## WHAT IS REQUIRED
The output must contain exactly the lines from the top of the listing below through the line containing "5.先在杯中放几颗用酒浸过的樱桃,然后慢慢倒入调好的4", and no pictures.

## GIVEN INFORMATION
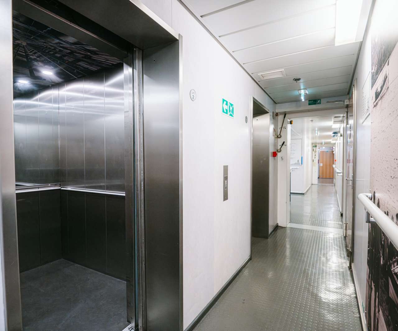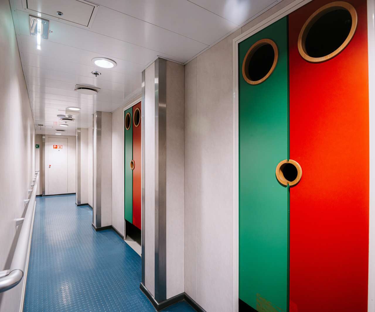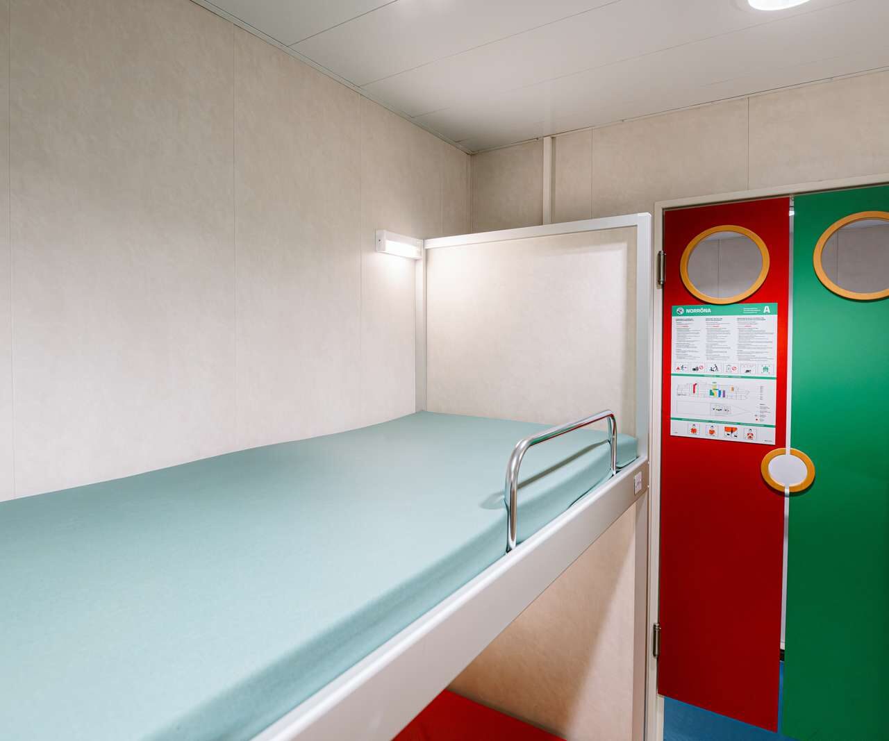 Bookable for solo travelers (gender specific) or groups of 4-6, with an optional bed linen package (€ 22) and luggage storage on deck 2 or 7, costing DKK 10 (small) or DKK 20 (large) per use:
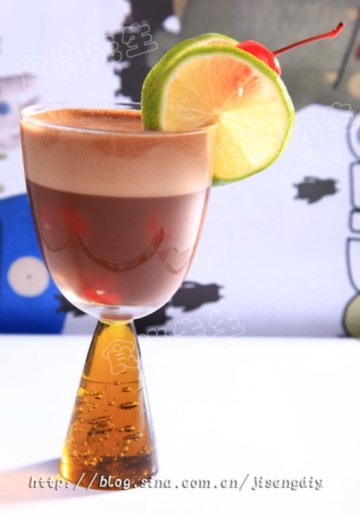 5.先在杯中放几颗用酒浸过的樱桃,然后慢慢倒入调好的4
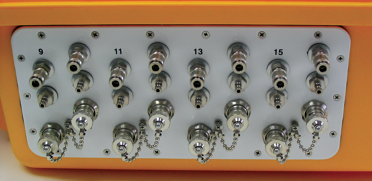 - Disconnect the existing tubing from the right control panel assembly at the compression fittings. There are connections at 19 locations; 8 each on the upper and lower solenoid valve assemblies, and 3 on the Air In (I), Air Out (O), and Pressure (P) fittings, respectively. Push in on the orange collar of the compression fittings and pull straight out on the tubing to remove.
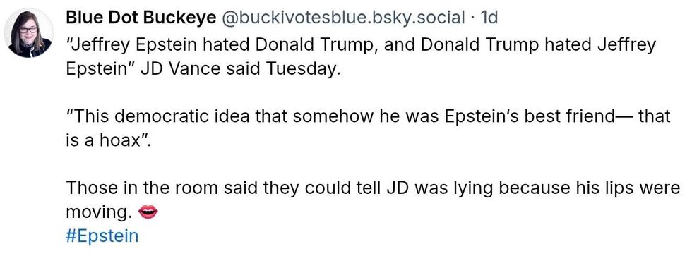 Vance deflected from the obvious lie by telling the sparse crowd what Trump really meant when he said that the files related to late registered sex offender and longtime friend Jeffrey Epstein were a Democratic hoax. Taking a Trump lie and pivoting to a new meaning is a frequent tactic used by the POTUS's enablers when confronted with the truth.

## TASK SOLUTION
 Bookable for solo travelers (gender specific) or groups of 4-6, with an optional bed linen package (€ 22) and luggage storage on deck 2 or 7, costing DKK 10 (small) or DKK 20 (large) per use:
 5.先在杯中放几颗用酒浸过的樱桃,然后慢慢倒入调好的4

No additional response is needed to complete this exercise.